Review: OIL23 Apr 2018 0
Released 04 Apr 2018
OIL is a game purportedly inspired by the P.T. Anderson film There Will Be Blood, which was in turn inspired by the Upton Sinclair novel Oil! which means that OIL is really about Oil! which was about oil on the American frontier, and there is a lot of said oil in the game but there is no blood, which is a little disappointing. Also, there are no milkshakes.
The game is a variation on Battleship, which is its first problem. Battleship was never a fun game, except insofar as it was the only board game Grandma would let you play that had some military hardware in it. The fundamental mechanic is guessing, and OIL can only add so many other elements to try to deepen what is at its core a game of random chance. And not a satisfying one either.
In OIL, the two players share a field and have to first hide their oil on tiles and then dig it up in turns. So, one aspect of the game is just remembering where you hid your oil. Then, if you and your opponent unknowingly put oil on adjacent tiles, they will be joined together in a block that only the player that digs the last well will be able to claim.
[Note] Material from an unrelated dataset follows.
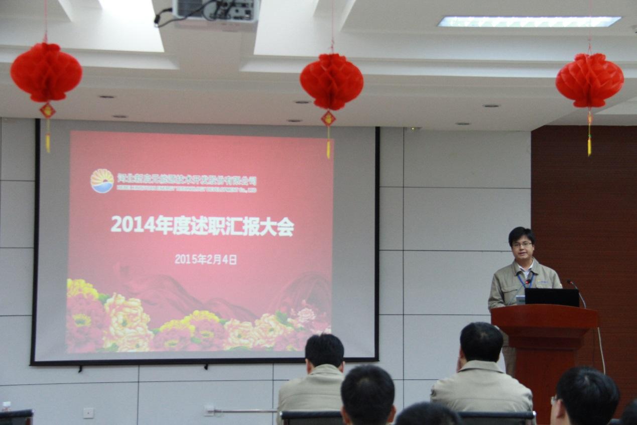 劉華冰首先宣讀了2014年度各部門績效考核成績。隨后,各部門經理分別進行述職匯報,認真總結了2014年取得的成績和存在的不足,明確了2015年工作計劃。

The game tells you how many of these there are and what shape there are, so another level of the game is deduction about where the doubles and triples might be. If you dig an empty spot, but there is oil adjacent to it, the spot will bubble a little, so there is also a bit of Minesweeper in figuring out where the oil is. On the other hand, if both players put oil on the same tile, that tile will explode when mined, losing you one point. Since its impossible to deduce where these tiles will be, there's a big element of luck there.
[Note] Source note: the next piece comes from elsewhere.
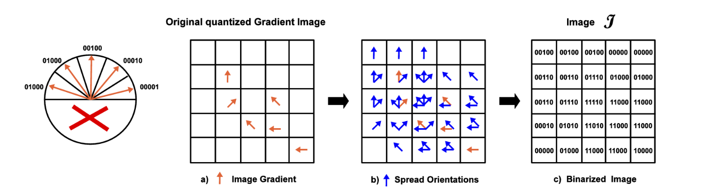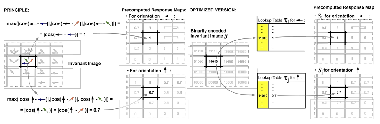 テンプレートをテスト画像位置に対して評価する度に(1)のコサインとmax演算子の評価を避けるために、各画像位置周辺の勾配の新しいバイナリ表現(J)を導入する。このバイナリ表現とルックアップテーブルテーブルを使用して、max演算の最大値を効率的に事前計算する。

Some of the rules aren't really clear. For instance, the shapes of the blocks are limited to sets of two or three, so if you have four or more adjacent tiles with oil, you won't be able to predict which ones will pop up together. That makes it tough to get your opponent to tap the second to last one. Also, the little spurts that indicate adjacent oil--is the opponent supposed to see it? Playing with the AI, you can see when the AI player finds a clue, but with a hot-seat partner, the oil spurt is too short for them to see before you hand the phone over. Getting those clues can make a big difference for finding your opponent's oil.
OIL has those trendy pixel graphics with skinny characters and flat colors that have been everywhere since Sword and Sworcery. With all the white it feels almost Scandinavian in its minimalism. That makes it even more awe-inspiring when oil and fire spout from the ground. Then, at the end of a round, a dust storm will roll across the screen to clear the space. Oddly enough, it looks better in portrait mode than landscape, which makes OIL a good game to play with one hand.
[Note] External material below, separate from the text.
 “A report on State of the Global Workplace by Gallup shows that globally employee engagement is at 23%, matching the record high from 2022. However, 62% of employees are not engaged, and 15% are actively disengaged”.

Unfortunately, the pretty graphics interfere with actually playing the game. The isometric spaces are difficult enough to touch at such a shallow angle, even without considering the variations in elevation. Then, the oil wells you build will block your access to the spaces behind them, and even though they pop up when you tap them, they are still in the way. You can spin the playing field around, but that will just leave you confused about where you left your oil, since the minimalism means one tile looks very much like another.
Other interface elements are also frustrating. Even though one side has enough points to inevitably win, you still must uncover every oil tile, which means waiting for the little oil-drillers to run out and strike the ground again and again. There's no way to instantly replay if you lose a level or don't have enough wins accumulated to unlock the next one, so you must go all the way back through the main menu to get back to playing.
The easy level AI is genuinely easy, totally forgetting where it hid its own oil and unable to deduce where the remaining oil must be, but the higher levels will present something of a challenge. It's more of a pleasure to play hot-seat, where you can try to anticipate what pattern your partner might put their oil in, leading to some bluffing over multiple rounds.
But, in the end, some nice visuals and a little deduction can't save a basic gameplay idea that's just too random. Overall, there's not enough deduction and bluffing added to the Battleship formula, leaving the game with a frustrating random feel.